To characterize baseline transport properties: hydraulic conductivity (Lp), albumin permeability (Pe), and transendothelial electrical resistance (TER) of bovine retinal microvascular endothelial cells (RMEC) in the development of an in vitro model of the blood-retinal barrier (BRB).

METHODS

RMEC were grown on porous, polycarbonate filters for determination of the number of days required to achieve minimal transport rates.

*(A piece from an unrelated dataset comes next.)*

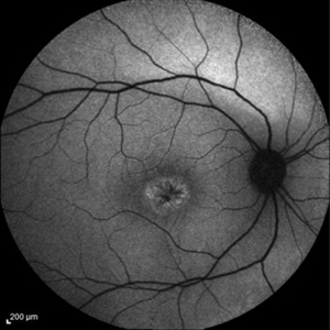 Autofluorescence imaging of the right eye of a 46-year-old man with decreased VA due to advanced Stargardt's disease.

Lp, Pe, and TER were measured by utilizing a bubble tracking spectrophotometer, by quantifying the diffusional movement of fluorescein isothiocyanate-labeled albumin, and by utilizing a Millipore electrical resistance meter, respectively.

RESULTS

Lp decreased significantly from 7.82 +/- 0.85 x 10(-7) (mean +/- SEM) cm/sec/cm H2O at post-plating Day 5 to 1.44 +/- 0.26 x 10(-7) cm/sec/cm H2O at Day 9. Pe of the monolayer also decreased progressively with days post-plating from 3.44 +/- 0.53 x 10(-6) cm/sec at Day 7 to a minimum of 1.95 +/- 0.29 x 10(-6) cm/sec at Day II. Peak TER fluctuated until Day 7, when it began to steadily increase from 17.14 ohm-cm2 to a peak value of 25.42 ohm-cm2 at Day 10, decreasing from then on to 22.24 ohm.cm2 on Day 12. Known disrupters of the BRB, NECA and VEGF, elicited significant increase in RMEC Lp showing the sensitivity of this model to pharmacological alterations.

CONCLUSIONS

Our data indicate that RMEC grown on polycarbonate filters form a restrictive monolayer of cells, which exhibit dynamic alterations in response to pharmacological agents, thus demonstrating an in vitro model of the BRB. Future studies with the model may offer insights into the pathogenesis of retinal vascular diseases and allow convenient testing of pharmacological interventions.